RAID-0: Basic striping. More disks, more space. Simple but dangerous: One disk breaks, and your whole pool is lost. Only recommended in addition to configuring RAID for fault tolerance. See the
zpool(1M) addman page.
RAID-1: Basic mirroring. More disks, more reliability, same capacity. If a disk breaks, you still have enough disks left with all the data. You also get more read speed: ZFS will fetch data blocks in a round-robin fashion from all disks in the mirror, in parallel. While 2-way mirrors are most often used, 3- or more-way mirrors are possible, too. See
zpool(1M) attachfor details.
RAID-Z: Similarly to RAID-5, you get n-1 disks worth of space, and spend 1 parity disk for fault tolerance. One disk breaks, you still get to your data. Performance is more complicated: Writes are spread across all disks, so essentially, per I/O, you'll always get the performance of a single disk. Same for reads. If you're lucky and the stars align and you read a lot of data at once, you may get more than that. I'll let the
zpool(1M)man page explain the rest.
RAID-Z2 and -Z3: Same as RAID-Z but you get to spend 2 or 3 disks for parity. This means that 2 or 3 disks may fail before you lose any data. You guessed it: The
zpool(1M)man page is your friend.
What ZFS Gives You that Controllers Can't
So far, so good. There are a couple of things that ZFS RAID levels offer that traditional RAID controllers can't:
ZFS RAID is about as fast as hardware RAID. That's right, there's no need to pay money for RAID controllers any more. The explanation is hidden in the algorithms behind ZFS and there are a couple of articles out there to explain why. You can trust me on this or ask me to write an extra article on ZFS performance.

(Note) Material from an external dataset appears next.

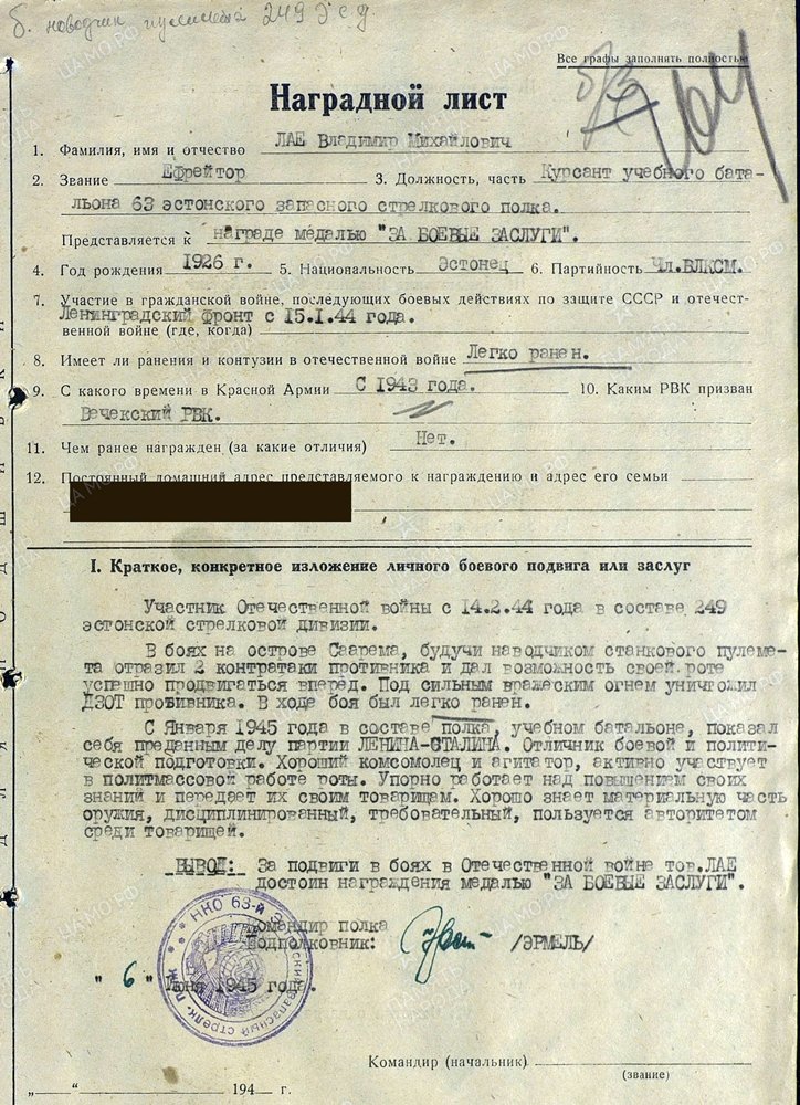63. Reservlaskurpolgu õppepataljoni kursant, hiljem 105. Üksiku kaardiväe laskurpataljoni miinipildujate roodu miinipildur kv jefreitor Vladimir Lae. Juba 17. aastaselt punaarmees. Teda autasustati 1949. aastal Vapruse medaliga ja seda septembris 1944. a Saaremaa lahingutes osalemise ning haavatasaamise eest. Medali sai ta kätte 1952. aastal. Samasse dokumenti on sisse kantud ilmselt samuti viiekümnendatel aastatel talle antud Lahinguteenete medal. See võib olla talle 1945. aastal määratud medal, mille sai lihtsalt kätte hiljem. 1990. aastal sai ta aga veel ühe Lahinguteenete medali, mis käskkirja numbri järgi on just see, mis talle 1945. määrati. Natuke segane, aga huvitav lugu.

ZFS can detect and recover from partial fails. It's easy to detect a disk that is completely broken: It won't answer to any SATA/SCSI commands. It's less easy for the cases where the disk seems happy, but returns bad data. That's where you lose data without knowing, and these cases are much more common! ZFS will detect any bad block and be able to recover from it, if you configured any RAID-level above 0. Before ZFS, nothing could give you that level of data integrity. In my home server experience with consumer grade disks, I typically see checksum errors every 4-6 months and about 1 fully broken disk every 2 years, with a total population of about 4-6 disks.
ZFS is open-source and cross-platform. This is important, because you can rip out ZFS disks from any server, mix them if you like, then put them into any other server that speaks ZFS, and your pool will be readable. Try that with a 3 year old RAID controller when it's broken and you can't buy any replacement one!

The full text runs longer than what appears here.